What about the other results? For most (indeed quite probably for all of them), the payment to the search engine comes in the form of a combination of ads and PII (user data). Ironically, I think many website developers view the data they give to so-called “analytics” companies as a way to “optimize” their standing in search engines. There is virtually no one who will point out the fact that surrendering user data to the analytics company (which is usually the same company that develops the search engine, or is perhaps simply closely linked to that company) is a kind of payment to the search engine (in data units, rather than monetary units). This becomes a reinforcing feedback loop, in which developers hoping to improve their website rankings are motivated to give ever more user data to search engines — and indeed, the search engines are also incentivized to rank websites highly which provide more information about the website users to the search engines.

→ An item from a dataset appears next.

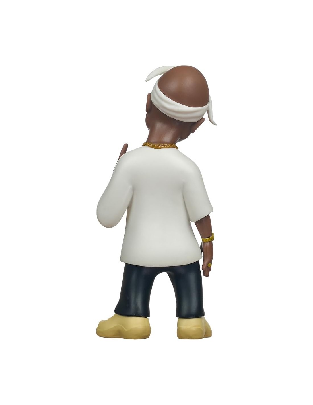 La figura presenta a Tupac con un nivel de detalle excepcional que incluye sus rasgos más distintivos, como el pañuelo blanco atado a la frente, su característico bigote y perilla, e incluso el pequeño brillante en la nariz. Viste una estética puramente urbana de los años 90, compuesta por una camiseta blanca de corte ancho, pantalones oscuros y zapatillas de color crema.

Now let me cut to the chase. There are many possible takeaways and follow-ups to these insights. The first one I would like to present here and now is what I will refer to as Socio BIZ Rule #2:

There is no general market price — market prices vary according to marketplace (i.e., whether a marketplace is well-suited to the good or service in question) … and (ceteris paribus) online marketplaces are characterized more by topical focus than by geographic location.

[1] I plan to make these revisions before publishing this post
[2] Another interesting aside regarding this comes from an exchange I had with Pierre Omidyar (the founder of eBay) a long time ago about trust — whereas I maintained that I would extend trust based on just a few weeks of historical evidence, Pierre noted that his experience with eBay led him (or rather his company) to a much longer term historical analysis of trustworthiness. Note, however, that my flippant phrasing here somewhat unintentionally draws attention to the (infinitesimally small) cost of data storage.